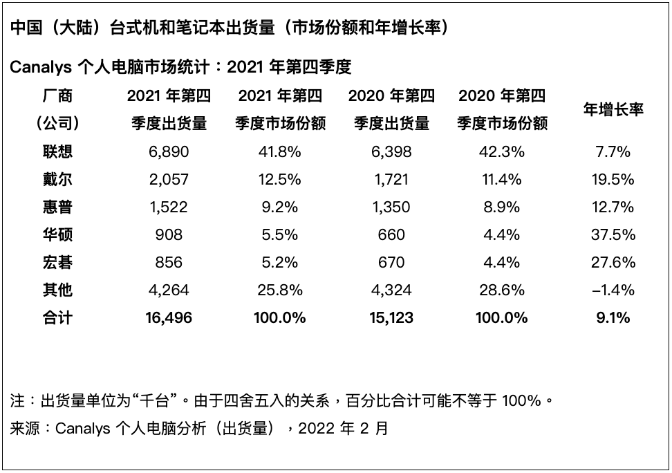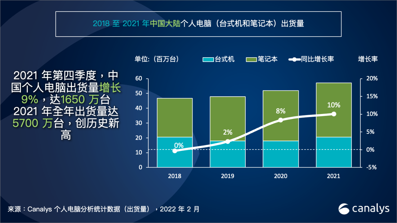 依据Canalys发布的最新数据,2021 年第四季度,我国个人电脑出货量(不含平板电脑)增加 9%,到达 1650 万台。全体来看,2021年我国商场完成了微弱增加,全年出货量增加10%,到达 5700 万台。第四季度笔记本出货量同比增加 12%,到达 1080 万台,2021 年全年增加 8%,到达 3650 万台。第四季度台式机出货量也增加了2.5%,到达 560 万台,全年出货总量到达 2040 万台,比 2020 年高出 15%。
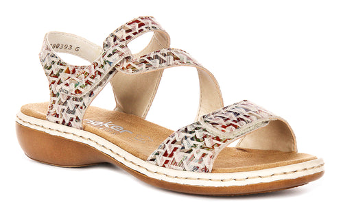 Pisa con comodidad y estilo con las Sandalias Sintéticas para Mujer Rieker, modelo 659C7-94. Diseñadas para mujeres que valoran tanto la practicidad como un toque de individualidad, estas sandalias ofrecen la combinación perfecta de estilo moderno y funcionalidad diaria. Ya sea que salgas a dar un paseo casual o busques una opción cómoda para el uso diario, estas sandalias están confeccionadas para brindar soporte duradero y un atractivo visual.
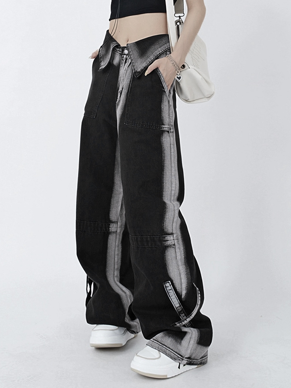 Washed Street Style Design Cargo Jeans
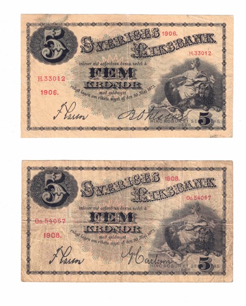 SEDLAR. 5 kronor 1906, 1908. Totalt 2 ex.

============================================================

> [Work instruction]: None of the pictures should be reproduced; all other material above must be set down exactly.

> [Response]:
 依据Canalys发布的最新数据,2021 年第四季度,我国个人电脑出货量(不含平板电脑)增加 9%,到达 1650 万台。全体来看,2021年我国商场完成了微弱增加,全年出货量增加10%,到达 5700 万台。第四季度笔记本出货量同比增加 12%,到达 1080 万台,2021 年全年增加 8%,到达 3650 万台。第四季度台式机出货量也增加了2.5%,到达 560 万台,全年出货总量到达 2040 万台,比 2020 年高出 15%。
 Pisa con comodidad y estilo con las Sandalias Sintéticas para Mujer Rieker, modelo 659C7-94. Diseñadas para mujeres que valoran tanto la practicidad como un toque de individualidad, estas sandalias ofrecen la combinación perfecta de estilo moderno y funcionalidad diaria. Ya sea que salgas a dar un paseo casual o busques una opción cómoda para el uso diario, estas sandalias están confeccionadas para brindar soporte duradero y un atractivo visual.
 Washed Street Style Design Cargo Jeans
 SEDLAR. 5 kronor 1906, 1908. Totalt 2 ex.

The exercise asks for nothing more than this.